Theoretical Solutions for Dynamic Characteristics of Spiral-Grooved Liquid Seals

Abstract

ABSTRACTAnnular seals represent one of the solutions for controlling leakage in high-speed turbomachinery, especially in multistage centrifugal pumps. In this article, a theoretical analysis method for leakage rate and dynamic characteristics of spiral-grooved liquid seals based on the theory of Iwatsubo and Childs is proposed. Steady-state velocities and leakage rate are figured out first with the inertia term of the fluid within the seals. Subsequently, governing equations for the land part and the groove part including the axial momentum equation, circumferential momentum equation, and continuity equation are respectively built.
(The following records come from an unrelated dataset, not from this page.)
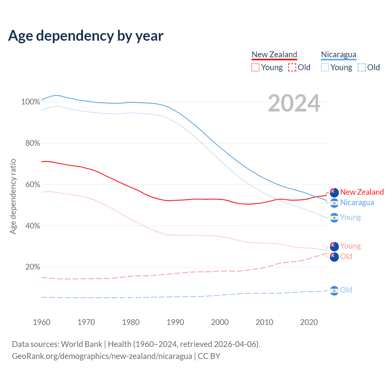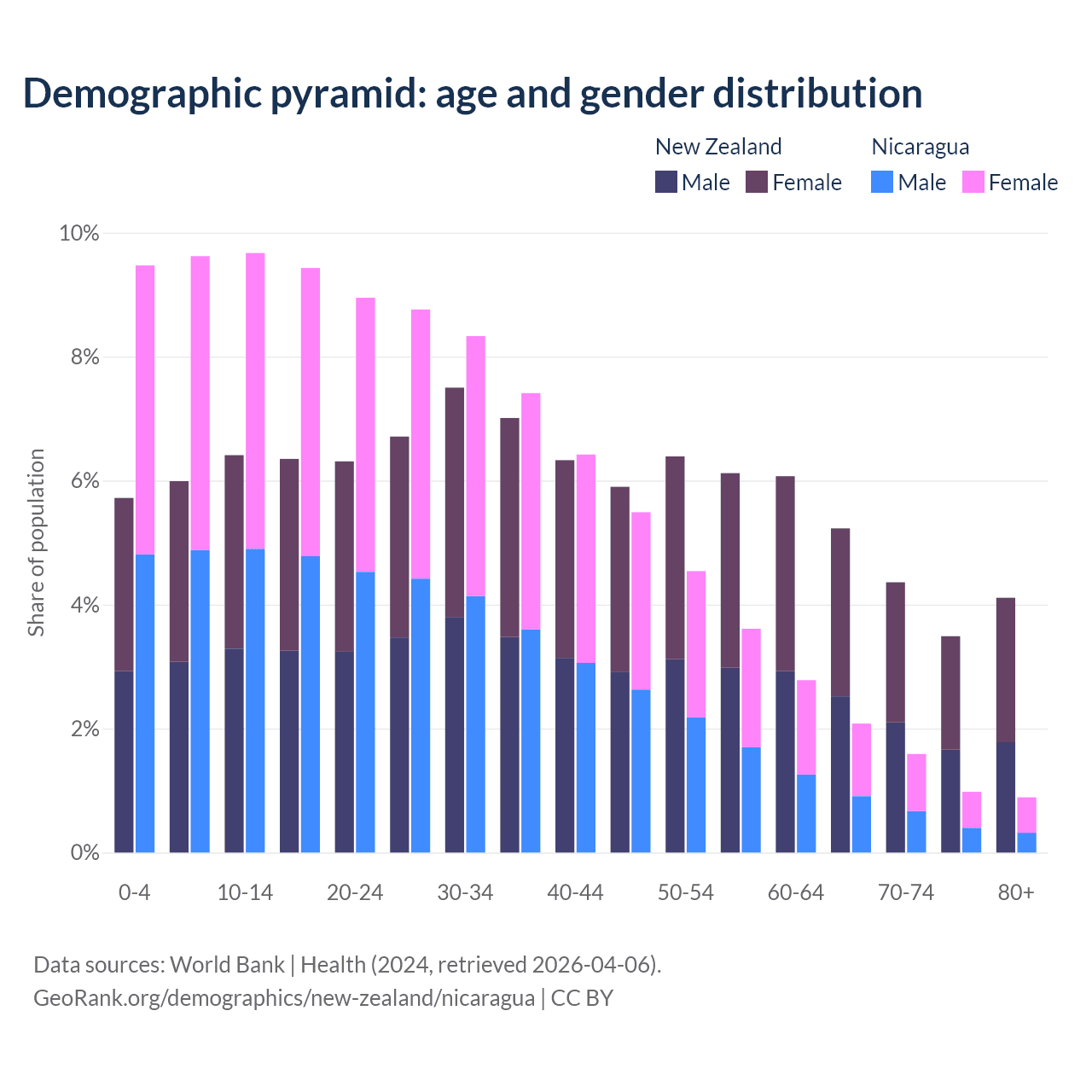 - New Zealand is ranked 56/196 by median age (oldest to youngest) vs 125/196 for Nicaragua.
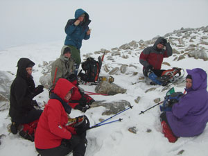 .Pása og umræður við fjallsræturnar. Brattar hlíðar Baulu að baki bæði upp og niður Eftir var kaflinn að bílunum yfir snævi þakta hóla og hæðir. |
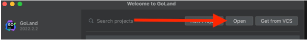 4. Откроем наш репозиторий в Goland. Важно: перед этим надо закрыть все открытые проекты.
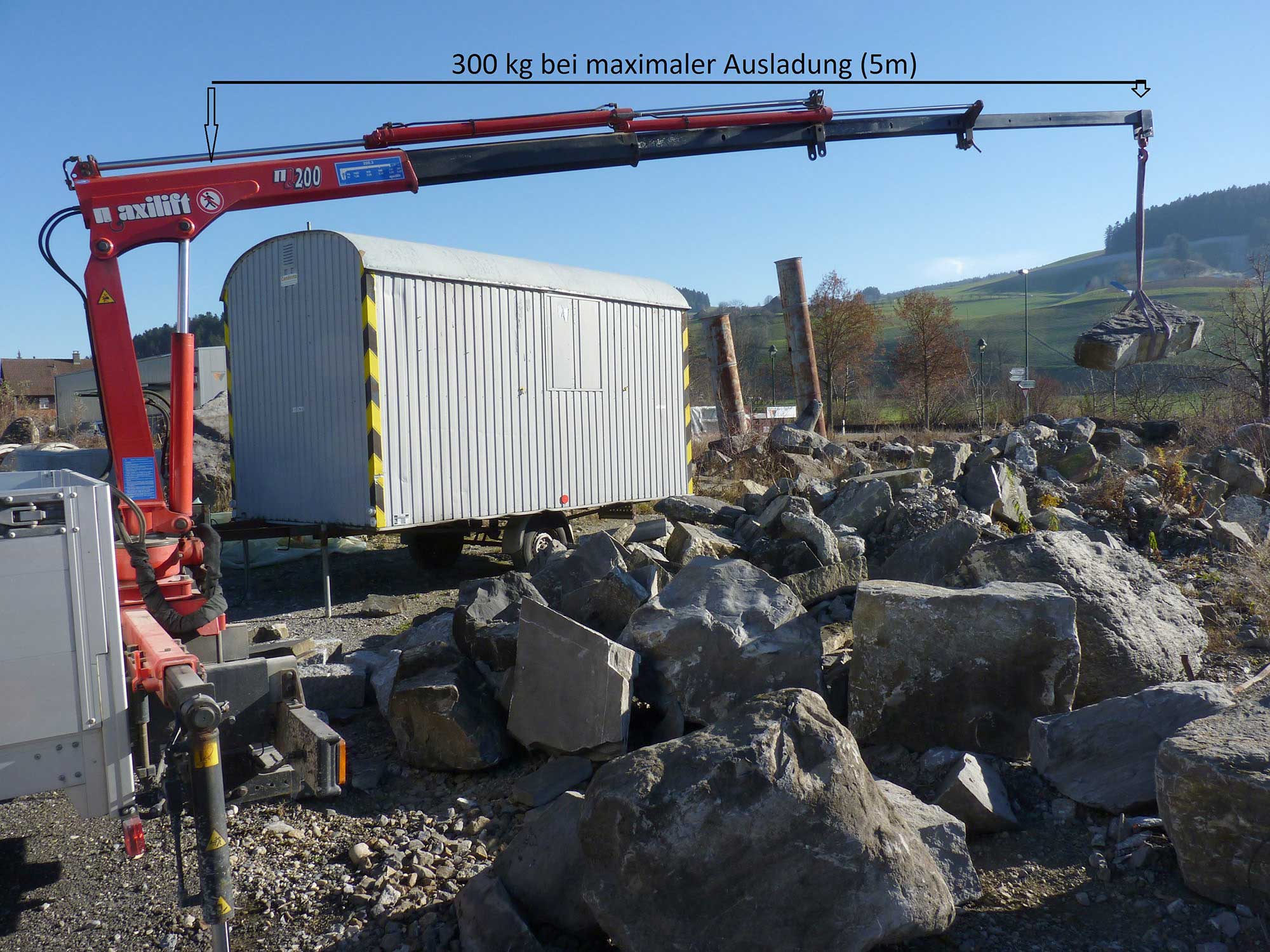 - Nutzlast Kran 300 kg bei max. Ausladung (5 m)
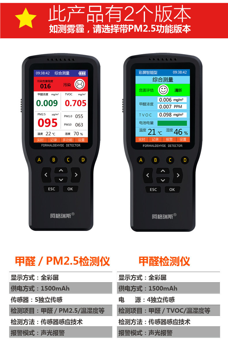 阿格瑞斯 Новый продукт формальдегид детектор домашний комната Профессиональный мониторинг качества воздуха Формальдегидный счетчик
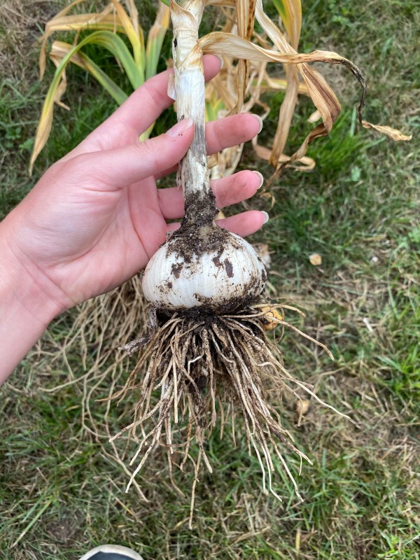 Harvesting the elephant garlic
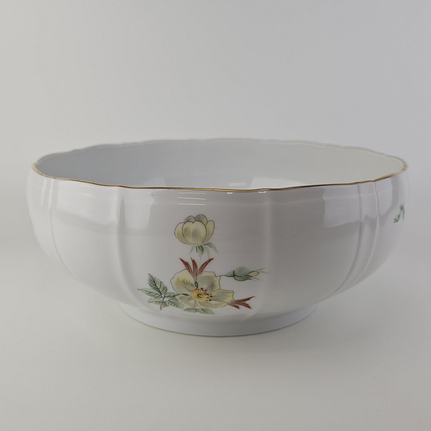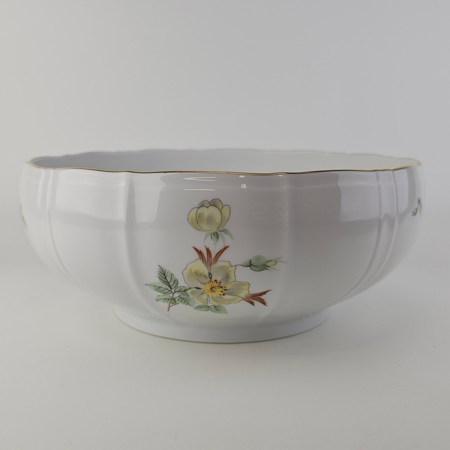 Service i glat hvidt porcelæn med lige knækkede kanter dekoreret med gule blomster og gylden kant
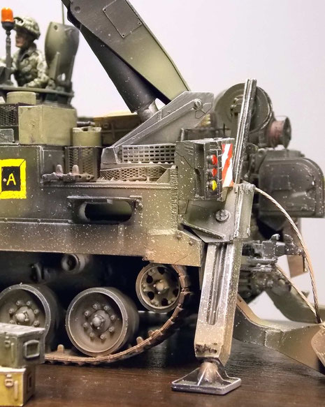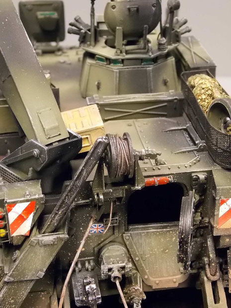 Die Lüftergitter werden durch sehr fein gearbeitete Ätzteile verfeinert. Die Bergepanzer verfügen zur Nahverteidigung über eine kurzrohrige Schnellfeuerwaffe im Turm. Das Abschleppgestänge wird am Bug mitgeführt. Die Figuren von AA zeigen typische britische Panzerbesatzungen.
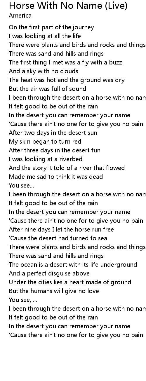 Horse With No Name (Live) Lyrics
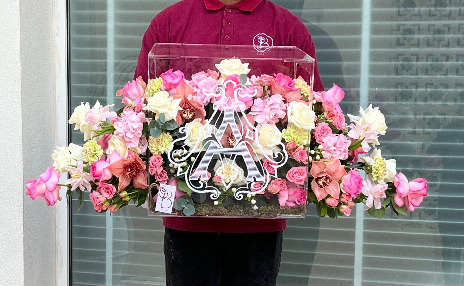 Elegant acrylic floral box filled with premium roses and seasonal flowers.
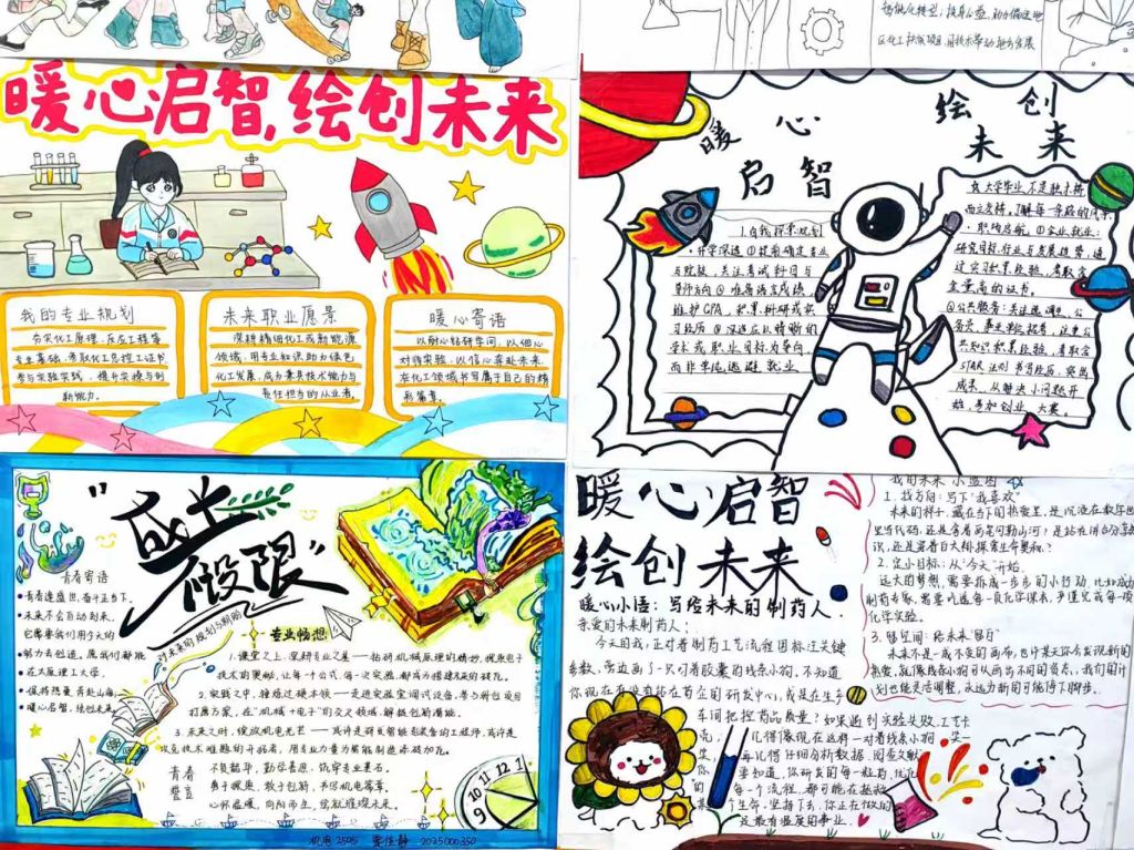 本次活动面向晋阳书院全体大一学生,以手抄报为创作载体,鼓励大家打破传统版式局限,融合绘画、书法、拼贴、创意排版等多元形式,聚焦未来大学生活学习愿景这一核心主题,勾勒心中的理想校园图景。活动一经启动得到了同学们的热烈响应,大家踊跃参与,精心创作出主题鲜明、形式新颖的手抄报作品。这些作品中,有的用明快色彩描绘着图书馆里的潜心研读、运动场中的肆意奔跑;有的用细腻文字写下对专业学习的钻研之志、对社团活动的向往之心;有的巧用手账材料进行立体拼贴,展现出天马行空的青春畅想。每一份手抄报都饱含着同学们对未来的期许与对生活的热爱,尽显蓬勃的青春活力。

A solution method for calculating the rotordynamic characteristics that has taken account of the circumferential velocity perturbation change with the axial location is developed by solving the first-order governing equations. Detailed comparisons between the experimental leakage rates and theoretical predictions show good agreement. Moreover, dynamic coefficients predicted by the proposed method are compared with the theoretical and experimental results of Iwatsubo. The results show that the predicted stiffness of the present solution method correlates well with the experimental evidence with an error of less than 35% in the given examples, which validates the analysis method developed in this article. The predicted accuracy of stiffness and damping coefficients has improved substantially compared to the accuracy of the solution method proposed by Iwatsubo.